» **ACTIVITY**
Since the records include pictures, leave those out while you reproduce exactly and only the lines from the one containing "канта, Россия, копия" through the one containing "河北省石家庄市裕华区2022", inclusive.

-------- DATA TO USE --------

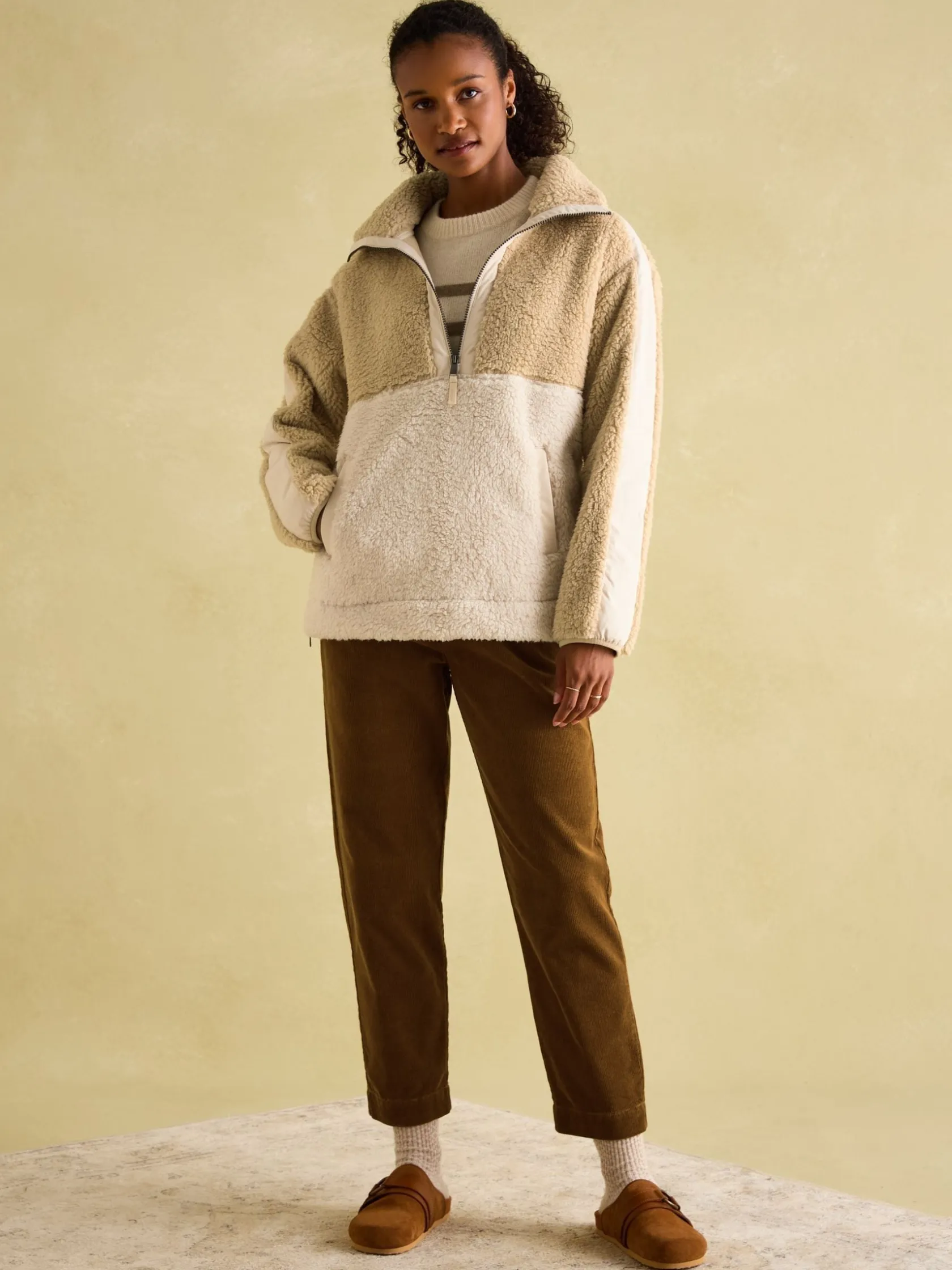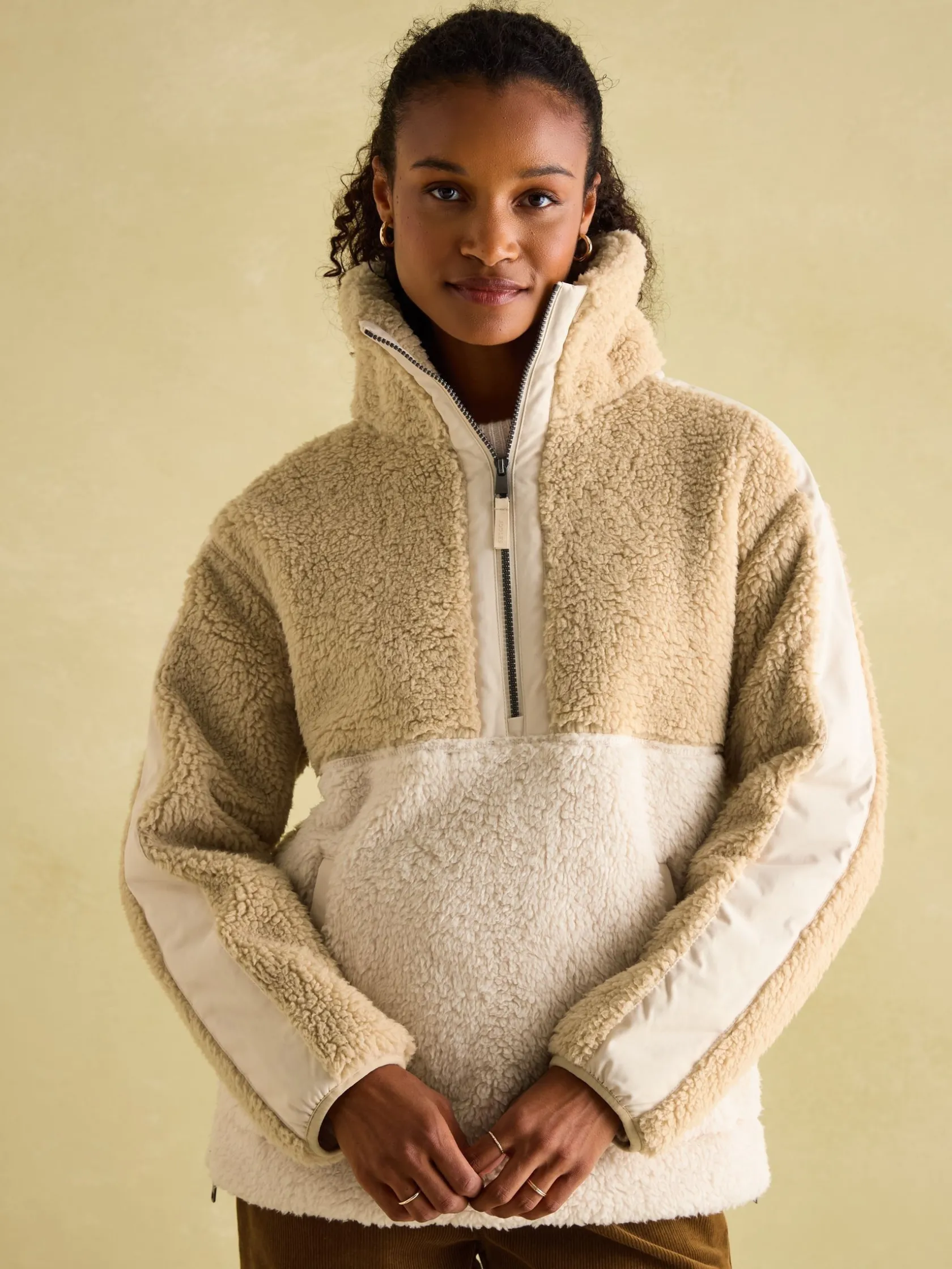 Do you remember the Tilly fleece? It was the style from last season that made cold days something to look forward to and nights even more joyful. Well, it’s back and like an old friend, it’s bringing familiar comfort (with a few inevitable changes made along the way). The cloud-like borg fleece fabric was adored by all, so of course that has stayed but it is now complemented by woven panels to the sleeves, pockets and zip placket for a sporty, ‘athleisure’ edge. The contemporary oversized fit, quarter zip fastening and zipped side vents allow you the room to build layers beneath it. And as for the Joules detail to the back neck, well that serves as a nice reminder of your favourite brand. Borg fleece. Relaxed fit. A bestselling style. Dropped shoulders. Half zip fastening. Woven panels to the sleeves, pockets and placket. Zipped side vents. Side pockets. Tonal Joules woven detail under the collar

--------
-------- DATA TO USE --------

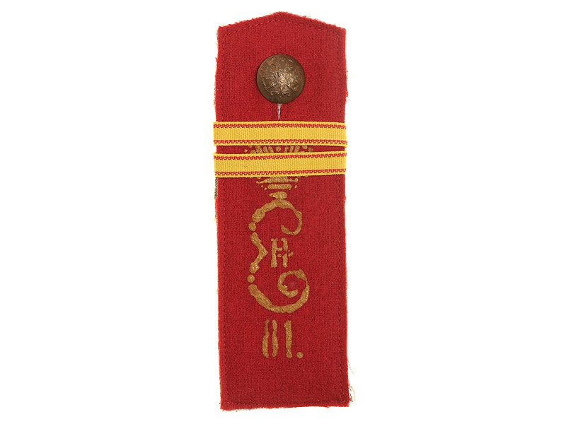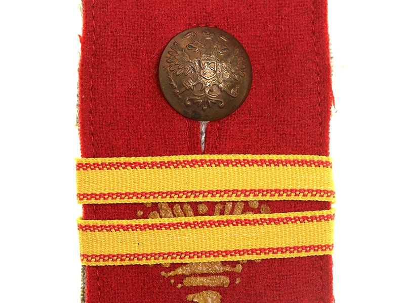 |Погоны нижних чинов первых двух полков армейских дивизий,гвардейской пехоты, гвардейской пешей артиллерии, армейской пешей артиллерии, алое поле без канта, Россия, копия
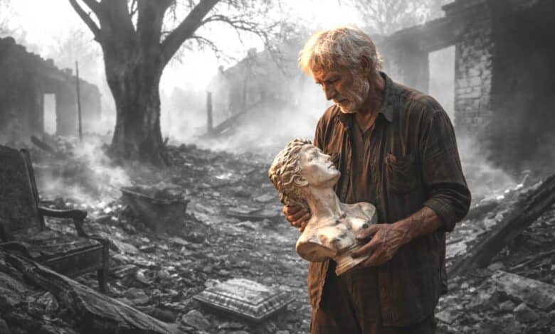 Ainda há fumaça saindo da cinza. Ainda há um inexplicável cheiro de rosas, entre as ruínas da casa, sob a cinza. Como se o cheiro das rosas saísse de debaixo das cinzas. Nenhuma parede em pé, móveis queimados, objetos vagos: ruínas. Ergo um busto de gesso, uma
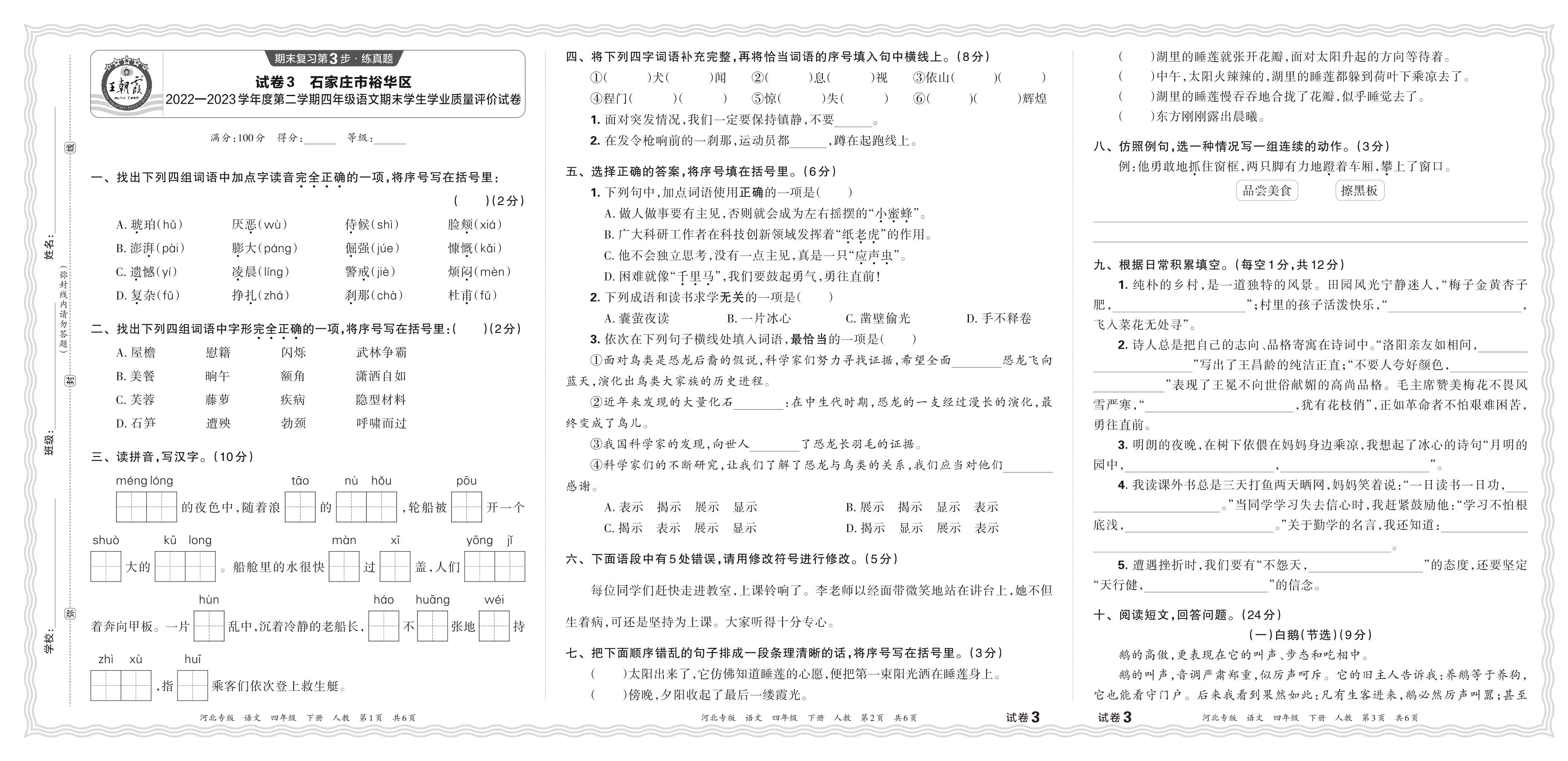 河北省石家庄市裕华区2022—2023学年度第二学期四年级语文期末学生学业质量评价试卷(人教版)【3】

--------

» **ANSWER TO THE PROBLEM**
 |Погоны нижних чинов первых двух полков армейских дивизий,гвардейской пехоты, гвардейской пешей артиллерии, армейской пешей артиллерии, алое поле без канта, Россия, копия
 Ainda há fumaça saindo da cinza. Ainda há um inexplicável cheiro de rosas, entre as ruínas da casa, sob a cinza. Como se o cheiro das rosas saísse de debaixo das cinzas. Nenhuma parede em pé, móveis queimados, objetos vagos: ruínas. Ergo um busto de gesso, uma
 河北省石家庄市裕华区2022—2023学年度第二学期四年级语文期末学生学业质量评价试卷(人教版)【3】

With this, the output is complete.